- WHAT NEEDS TO BE DONE
Stop after the line with "Derailed (2005) Joliet Correctional Center"; until then, please copy every line of the records word for word from the first.

- Items from a dataset

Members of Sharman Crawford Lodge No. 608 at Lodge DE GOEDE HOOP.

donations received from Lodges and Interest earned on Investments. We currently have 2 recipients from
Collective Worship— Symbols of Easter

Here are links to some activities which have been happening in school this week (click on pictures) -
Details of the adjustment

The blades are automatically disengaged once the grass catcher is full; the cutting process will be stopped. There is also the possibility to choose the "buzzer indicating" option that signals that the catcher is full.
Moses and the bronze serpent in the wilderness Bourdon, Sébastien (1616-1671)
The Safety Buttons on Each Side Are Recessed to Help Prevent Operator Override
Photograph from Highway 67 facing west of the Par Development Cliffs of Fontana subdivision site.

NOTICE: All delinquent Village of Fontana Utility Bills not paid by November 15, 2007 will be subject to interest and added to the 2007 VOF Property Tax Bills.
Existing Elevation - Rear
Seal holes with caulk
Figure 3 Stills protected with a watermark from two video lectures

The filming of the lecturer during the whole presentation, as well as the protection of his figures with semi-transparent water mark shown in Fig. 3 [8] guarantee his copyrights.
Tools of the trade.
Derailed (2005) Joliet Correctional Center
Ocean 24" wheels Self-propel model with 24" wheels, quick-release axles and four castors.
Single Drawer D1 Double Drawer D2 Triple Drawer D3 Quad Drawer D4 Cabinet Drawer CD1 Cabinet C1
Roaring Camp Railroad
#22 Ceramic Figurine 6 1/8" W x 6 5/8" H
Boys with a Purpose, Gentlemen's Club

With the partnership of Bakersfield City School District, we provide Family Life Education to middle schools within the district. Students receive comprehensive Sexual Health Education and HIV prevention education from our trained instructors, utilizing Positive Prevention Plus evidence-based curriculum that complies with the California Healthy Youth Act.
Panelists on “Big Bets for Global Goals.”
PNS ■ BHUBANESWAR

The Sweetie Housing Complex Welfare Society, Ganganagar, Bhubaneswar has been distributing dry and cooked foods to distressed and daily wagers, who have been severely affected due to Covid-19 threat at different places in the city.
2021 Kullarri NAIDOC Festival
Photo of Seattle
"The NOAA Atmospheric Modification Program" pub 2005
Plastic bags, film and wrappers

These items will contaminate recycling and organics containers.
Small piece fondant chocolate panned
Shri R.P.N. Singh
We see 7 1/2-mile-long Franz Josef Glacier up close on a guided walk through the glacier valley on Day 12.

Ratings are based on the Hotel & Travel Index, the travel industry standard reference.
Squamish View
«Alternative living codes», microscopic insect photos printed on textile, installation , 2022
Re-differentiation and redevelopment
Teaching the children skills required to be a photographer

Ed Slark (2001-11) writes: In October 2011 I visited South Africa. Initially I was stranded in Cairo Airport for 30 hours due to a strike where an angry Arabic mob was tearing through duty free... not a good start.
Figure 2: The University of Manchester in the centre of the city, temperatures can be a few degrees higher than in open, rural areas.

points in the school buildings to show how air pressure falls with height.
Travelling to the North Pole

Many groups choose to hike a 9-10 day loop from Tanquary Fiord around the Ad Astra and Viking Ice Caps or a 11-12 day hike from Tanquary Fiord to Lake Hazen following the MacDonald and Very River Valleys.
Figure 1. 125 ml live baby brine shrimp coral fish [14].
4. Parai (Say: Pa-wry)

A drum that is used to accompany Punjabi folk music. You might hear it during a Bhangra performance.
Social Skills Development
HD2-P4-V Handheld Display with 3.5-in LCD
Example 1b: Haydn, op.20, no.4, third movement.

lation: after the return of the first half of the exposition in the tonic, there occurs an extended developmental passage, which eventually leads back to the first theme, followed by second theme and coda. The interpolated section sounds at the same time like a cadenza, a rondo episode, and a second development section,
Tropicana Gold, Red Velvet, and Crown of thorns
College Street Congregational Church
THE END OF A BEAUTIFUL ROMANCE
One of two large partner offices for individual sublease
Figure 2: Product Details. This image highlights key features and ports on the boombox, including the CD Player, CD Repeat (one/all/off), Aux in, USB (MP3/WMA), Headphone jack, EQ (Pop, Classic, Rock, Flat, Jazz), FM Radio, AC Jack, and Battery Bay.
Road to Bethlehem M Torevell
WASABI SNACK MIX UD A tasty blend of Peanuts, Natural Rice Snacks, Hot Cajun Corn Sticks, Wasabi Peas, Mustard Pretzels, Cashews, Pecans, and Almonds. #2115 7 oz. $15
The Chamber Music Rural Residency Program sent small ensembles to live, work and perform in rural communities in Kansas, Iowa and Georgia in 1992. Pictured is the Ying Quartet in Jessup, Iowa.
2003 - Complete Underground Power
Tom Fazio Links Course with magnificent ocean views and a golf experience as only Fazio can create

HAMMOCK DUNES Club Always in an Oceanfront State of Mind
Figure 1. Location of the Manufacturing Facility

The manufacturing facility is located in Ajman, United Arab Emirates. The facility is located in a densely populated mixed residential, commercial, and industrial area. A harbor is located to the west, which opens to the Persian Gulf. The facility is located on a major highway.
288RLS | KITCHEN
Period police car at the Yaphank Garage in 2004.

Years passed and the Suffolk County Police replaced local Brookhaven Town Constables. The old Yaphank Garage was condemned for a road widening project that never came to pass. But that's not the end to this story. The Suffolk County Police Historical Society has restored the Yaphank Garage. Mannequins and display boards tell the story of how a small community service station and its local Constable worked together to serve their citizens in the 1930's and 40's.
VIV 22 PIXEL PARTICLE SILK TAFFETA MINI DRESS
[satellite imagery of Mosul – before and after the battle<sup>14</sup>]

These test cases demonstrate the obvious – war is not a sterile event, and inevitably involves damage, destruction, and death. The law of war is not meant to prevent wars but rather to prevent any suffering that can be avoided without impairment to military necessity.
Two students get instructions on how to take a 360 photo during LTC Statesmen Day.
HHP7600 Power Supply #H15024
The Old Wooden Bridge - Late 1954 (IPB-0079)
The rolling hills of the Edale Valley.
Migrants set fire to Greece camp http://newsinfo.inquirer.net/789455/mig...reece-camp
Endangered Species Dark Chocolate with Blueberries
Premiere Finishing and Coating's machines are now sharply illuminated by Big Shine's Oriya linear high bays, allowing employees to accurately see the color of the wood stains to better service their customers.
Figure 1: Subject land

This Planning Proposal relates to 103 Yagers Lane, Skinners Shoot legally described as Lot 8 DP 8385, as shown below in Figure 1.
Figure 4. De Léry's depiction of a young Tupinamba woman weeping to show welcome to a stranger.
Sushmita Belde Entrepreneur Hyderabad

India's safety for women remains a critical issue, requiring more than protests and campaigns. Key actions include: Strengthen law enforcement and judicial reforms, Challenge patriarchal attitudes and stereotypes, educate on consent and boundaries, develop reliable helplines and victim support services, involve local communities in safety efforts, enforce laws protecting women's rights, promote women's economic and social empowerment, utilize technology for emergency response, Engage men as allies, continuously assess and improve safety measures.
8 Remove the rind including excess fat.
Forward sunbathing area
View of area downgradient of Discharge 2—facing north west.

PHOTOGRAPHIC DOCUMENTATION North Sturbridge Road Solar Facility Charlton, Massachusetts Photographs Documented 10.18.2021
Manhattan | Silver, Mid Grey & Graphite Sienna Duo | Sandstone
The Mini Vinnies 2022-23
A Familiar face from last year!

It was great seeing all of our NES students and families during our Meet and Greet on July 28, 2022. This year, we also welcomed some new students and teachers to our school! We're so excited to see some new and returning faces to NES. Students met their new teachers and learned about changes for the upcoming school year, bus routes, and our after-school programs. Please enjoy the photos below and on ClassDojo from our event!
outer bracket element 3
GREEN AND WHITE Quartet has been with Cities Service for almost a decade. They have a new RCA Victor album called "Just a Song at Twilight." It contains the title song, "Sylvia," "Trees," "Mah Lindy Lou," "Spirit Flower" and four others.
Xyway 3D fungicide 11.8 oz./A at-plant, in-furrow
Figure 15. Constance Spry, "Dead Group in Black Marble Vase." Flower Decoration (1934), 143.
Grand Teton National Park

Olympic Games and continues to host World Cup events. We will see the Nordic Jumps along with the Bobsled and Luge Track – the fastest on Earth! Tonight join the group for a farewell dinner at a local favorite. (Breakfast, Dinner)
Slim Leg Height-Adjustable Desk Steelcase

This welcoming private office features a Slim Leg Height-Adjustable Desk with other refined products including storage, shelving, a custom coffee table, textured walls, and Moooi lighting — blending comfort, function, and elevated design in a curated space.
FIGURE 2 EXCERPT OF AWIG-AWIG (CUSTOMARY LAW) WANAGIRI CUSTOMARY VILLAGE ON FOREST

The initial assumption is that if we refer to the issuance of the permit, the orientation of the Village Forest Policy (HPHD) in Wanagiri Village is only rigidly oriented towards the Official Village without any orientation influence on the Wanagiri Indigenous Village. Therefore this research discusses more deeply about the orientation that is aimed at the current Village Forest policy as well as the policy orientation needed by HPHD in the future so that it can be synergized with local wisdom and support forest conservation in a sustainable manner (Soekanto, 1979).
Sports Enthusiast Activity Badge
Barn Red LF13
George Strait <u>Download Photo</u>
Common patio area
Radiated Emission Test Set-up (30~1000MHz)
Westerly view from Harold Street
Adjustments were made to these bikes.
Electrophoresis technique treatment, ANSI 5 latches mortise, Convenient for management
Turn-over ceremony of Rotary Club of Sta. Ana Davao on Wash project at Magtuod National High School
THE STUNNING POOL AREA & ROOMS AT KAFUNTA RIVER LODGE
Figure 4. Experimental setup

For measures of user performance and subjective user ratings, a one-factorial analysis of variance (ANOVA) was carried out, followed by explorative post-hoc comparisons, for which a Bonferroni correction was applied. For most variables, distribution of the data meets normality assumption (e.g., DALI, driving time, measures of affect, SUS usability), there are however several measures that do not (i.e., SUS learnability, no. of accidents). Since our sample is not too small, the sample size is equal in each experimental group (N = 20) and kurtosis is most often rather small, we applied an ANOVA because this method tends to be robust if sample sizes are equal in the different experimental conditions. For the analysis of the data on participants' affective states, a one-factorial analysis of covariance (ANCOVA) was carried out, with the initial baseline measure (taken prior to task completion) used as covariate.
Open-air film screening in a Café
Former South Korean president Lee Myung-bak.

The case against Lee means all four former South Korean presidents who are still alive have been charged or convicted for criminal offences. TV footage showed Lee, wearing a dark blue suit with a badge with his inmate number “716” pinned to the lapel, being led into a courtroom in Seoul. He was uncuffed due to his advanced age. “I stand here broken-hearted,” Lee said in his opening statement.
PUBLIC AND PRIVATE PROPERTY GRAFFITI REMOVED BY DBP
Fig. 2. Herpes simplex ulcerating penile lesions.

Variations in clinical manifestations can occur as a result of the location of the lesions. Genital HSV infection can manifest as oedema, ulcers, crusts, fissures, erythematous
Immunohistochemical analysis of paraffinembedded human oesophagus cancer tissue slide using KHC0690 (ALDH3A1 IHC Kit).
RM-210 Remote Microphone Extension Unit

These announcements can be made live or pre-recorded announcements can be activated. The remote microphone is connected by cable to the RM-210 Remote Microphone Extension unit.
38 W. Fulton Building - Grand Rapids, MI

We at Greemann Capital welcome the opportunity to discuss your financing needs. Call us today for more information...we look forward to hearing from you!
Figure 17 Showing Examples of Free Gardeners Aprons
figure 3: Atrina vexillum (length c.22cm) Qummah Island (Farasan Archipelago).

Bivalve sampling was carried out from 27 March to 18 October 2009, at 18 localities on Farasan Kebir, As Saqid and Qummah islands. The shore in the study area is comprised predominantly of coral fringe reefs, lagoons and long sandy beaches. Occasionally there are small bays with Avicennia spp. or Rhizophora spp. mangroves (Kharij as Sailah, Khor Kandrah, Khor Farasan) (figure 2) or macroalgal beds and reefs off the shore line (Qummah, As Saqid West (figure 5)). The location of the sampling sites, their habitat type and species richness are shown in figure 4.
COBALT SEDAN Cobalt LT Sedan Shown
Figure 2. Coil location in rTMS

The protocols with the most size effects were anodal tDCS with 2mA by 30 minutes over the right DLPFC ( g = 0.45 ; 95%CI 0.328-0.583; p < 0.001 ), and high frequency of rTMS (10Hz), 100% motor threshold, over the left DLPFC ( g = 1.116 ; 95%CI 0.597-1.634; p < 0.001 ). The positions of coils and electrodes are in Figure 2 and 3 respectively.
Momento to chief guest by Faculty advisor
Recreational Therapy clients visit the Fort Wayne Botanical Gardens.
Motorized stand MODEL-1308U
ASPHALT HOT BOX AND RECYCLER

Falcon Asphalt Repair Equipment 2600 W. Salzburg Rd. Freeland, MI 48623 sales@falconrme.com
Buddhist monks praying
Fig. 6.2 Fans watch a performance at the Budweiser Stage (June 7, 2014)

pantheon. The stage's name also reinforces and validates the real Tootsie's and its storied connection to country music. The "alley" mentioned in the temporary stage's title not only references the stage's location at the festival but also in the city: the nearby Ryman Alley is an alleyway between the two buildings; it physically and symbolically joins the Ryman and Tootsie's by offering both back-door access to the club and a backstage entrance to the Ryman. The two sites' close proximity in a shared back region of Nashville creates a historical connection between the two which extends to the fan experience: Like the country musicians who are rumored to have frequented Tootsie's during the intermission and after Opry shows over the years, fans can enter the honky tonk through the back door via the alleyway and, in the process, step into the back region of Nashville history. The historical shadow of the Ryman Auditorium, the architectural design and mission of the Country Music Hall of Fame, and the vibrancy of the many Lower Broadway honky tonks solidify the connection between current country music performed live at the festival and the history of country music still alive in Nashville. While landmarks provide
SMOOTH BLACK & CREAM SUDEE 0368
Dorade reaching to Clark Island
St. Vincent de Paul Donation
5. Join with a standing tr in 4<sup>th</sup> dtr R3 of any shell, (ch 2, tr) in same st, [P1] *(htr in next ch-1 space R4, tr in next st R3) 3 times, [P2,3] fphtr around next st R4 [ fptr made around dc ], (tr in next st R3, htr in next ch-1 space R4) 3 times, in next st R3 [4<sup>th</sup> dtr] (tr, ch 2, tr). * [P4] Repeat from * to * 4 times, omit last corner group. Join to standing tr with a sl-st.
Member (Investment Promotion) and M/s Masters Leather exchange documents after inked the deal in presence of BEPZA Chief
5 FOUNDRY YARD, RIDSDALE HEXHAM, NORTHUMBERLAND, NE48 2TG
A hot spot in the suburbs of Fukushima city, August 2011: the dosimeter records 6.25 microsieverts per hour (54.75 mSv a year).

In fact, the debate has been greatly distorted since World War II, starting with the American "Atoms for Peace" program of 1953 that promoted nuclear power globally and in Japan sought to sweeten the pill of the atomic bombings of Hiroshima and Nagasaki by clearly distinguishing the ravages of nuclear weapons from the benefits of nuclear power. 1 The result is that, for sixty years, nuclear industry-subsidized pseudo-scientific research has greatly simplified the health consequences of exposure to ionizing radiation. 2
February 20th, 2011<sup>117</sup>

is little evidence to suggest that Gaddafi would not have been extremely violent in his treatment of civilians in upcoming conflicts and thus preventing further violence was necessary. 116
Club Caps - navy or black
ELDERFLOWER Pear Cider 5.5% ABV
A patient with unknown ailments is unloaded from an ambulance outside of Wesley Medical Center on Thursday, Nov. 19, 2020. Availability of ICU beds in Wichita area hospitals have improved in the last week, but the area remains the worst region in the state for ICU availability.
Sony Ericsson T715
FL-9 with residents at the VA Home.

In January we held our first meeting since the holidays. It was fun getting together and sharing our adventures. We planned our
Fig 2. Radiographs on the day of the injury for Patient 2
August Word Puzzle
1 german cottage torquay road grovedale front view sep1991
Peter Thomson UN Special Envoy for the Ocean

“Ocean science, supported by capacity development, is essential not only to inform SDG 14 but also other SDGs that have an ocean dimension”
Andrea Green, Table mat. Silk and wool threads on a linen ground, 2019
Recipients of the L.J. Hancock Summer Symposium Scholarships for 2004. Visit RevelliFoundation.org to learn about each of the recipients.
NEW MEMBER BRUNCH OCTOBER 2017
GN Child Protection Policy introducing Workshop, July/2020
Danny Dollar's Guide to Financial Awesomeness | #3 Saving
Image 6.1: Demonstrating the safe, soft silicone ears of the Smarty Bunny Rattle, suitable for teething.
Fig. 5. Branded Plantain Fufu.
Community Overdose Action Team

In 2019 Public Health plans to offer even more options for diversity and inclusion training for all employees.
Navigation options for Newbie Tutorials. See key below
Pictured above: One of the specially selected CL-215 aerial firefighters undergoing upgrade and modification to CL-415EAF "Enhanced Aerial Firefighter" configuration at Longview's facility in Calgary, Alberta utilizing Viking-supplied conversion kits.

- TASK ANSWER
Members of Sharman Crawford Lodge No. 608 at Lodge DE GOEDE HOOP.

donations received from Lodges and Interest earned on Investments. We currently have 2 recipients from
Collective Worship— Symbols of Easter

Here are links to some activities which have been happening in school this week (click on pictures) -
Details of the adjustment

The blades are automatically disengaged once the grass catcher is full; the cutting process will be stopped. There is also the possibility to choose the "buzzer indicating" option that signals that the catcher is full.
Moses and the bronze serpent in the wilderness Bourdon, Sébastien (1616-1671)
The Safety Buttons on Each Side Are Recessed to Help Prevent Operator Override
Photograph from Highway 67 facing west of the Par Development Cliffs of Fontana subdivision site.

NOTICE: All delinquent Village of Fontana Utility Bills not paid by November 15, 2007 will be subject to interest and added to the 2007 VOF Property Tax Bills.
Existing Elevation - Rear
Seal holes with caulk
Figure 3 Stills protected with a watermark from two video lectures

The filming of the lecturer during the whole presentation, as well as the protection of his figures with semi-transparent water mark shown in Fig. 3 [8] guarantee his copyrights.
Tools of the trade.
Derailed (2005) Joliet Correctional Center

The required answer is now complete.